The Catalog1 experiment requires running an IDA Pro plugin to extract the MinHash signature of a binary function.

Requirements

  1. Compile the Catalog1 library:
(cd catalog1/; make)

After compilation, libcatalog1.so will appear under catalog1/bin.

  1. For the IDA Pro plugin, follow the list of requirements from the IDA_scripts README

The IDA Pro plugin

  • input: the JSON file with the selected functions (-j) and the name of the CSV file in output (-o).
  • output: one CSV file per Catalog1 signature size (default: [16, 32, 64, 128])

Note: the path of the IDB files in the JSON in input must be relative to the binary_function_similarity directory.
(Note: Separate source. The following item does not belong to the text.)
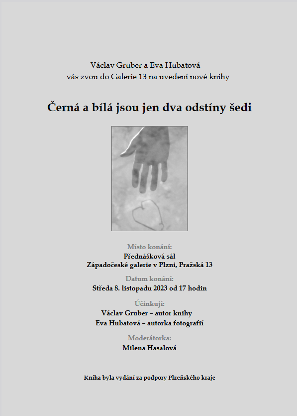 Srdečně vás zveme na uvedení knihy spisovatele Václava Grubera s názvem Černá a bílá jsou jen dva odstíny šedi. Jde o sbírku povídek, které doprovází fotografie Evy Hubatové. Křest proběhne ve středu 8. listopadu od 17 hodin v plzeňské Galerii 13.

The Python3 script converts the relative path into a full path to correctly load the IDB in IDA Pro.

Example: run the plugins over the functions selected for the Dataset-Vulnerability test (requires the IDBs in the IDBs/Dataset-Vulnerability directory)

python3 cli_catalog1.py -j ../../DBs/Dataset-Vulnerability/features/selected_Dataset-Vulnerability.json -o Dataset-Vulnerability_catalog1.csv

Run unit tests:

python3 -m unittest test_catalog1.py

# optional - test on multiple files
python3 -m unittest test_large_catalog1.py

Expected output

The plugin produces a set of CSV files with the following columns:

  • path: idb path
  • address: function address
  • size: function size
  • catalog_hash_list: catalog hashes, separated by ;
  • time: time to calculate the Catalog1 hashes on the function.

To compute the similarity between two Catalog1 signatures, use the Jaccard similarity as in the following example:

def jaccard_similarity(s1, s2):
    return len(set(s1) & set(s2)) / len(set(s1) | set(s2))

a = [10534612, 42437122, 187632428, 38160894, 167893582, 20517613, 328764745, 40669729]
b = [15508139, 42437122, 83784247, 138119612, 167793573, 29886129, 35551260, 1210122]
print(jaccard_similarity(a, b)) # 0.06666666666666667
print(jaccard_similarity(a, a)) # 1.0

Note: if the function has less than 4 bytes, min_function_size_error is inserted in the catalog_hash_list column.

More info about the Catalog1 library

Catalog1 implements the MinHash algorithm and the library can be used to compute a signature over any stream of binary data:

from catalog1.catalog_fast import sign
from catalog1.catalog_slow import slow_sign

SIG_SIZE = 128 # Example values: 16, 32, 64, 128

binary_data = "..."

# C implementation (fast)
signature = sign(binary_data, SIG_SIZE)

# Python3 implementation
signature_slow = slow_sign(binary_data, SIG_SIZE)

Copyright information about Catalog1

The code of Catalog1 is taken from the xorpd repository of the fcatalog_server, which is released under the GNU General Public License v3.0.

  • Link to the blogpost.
  • Link to the Catalog1 C implementation.
  • Link to the Catalog1 Python3 implementation.

Changelog wrt the original version:

  • The catalog1/Makefile has been modified.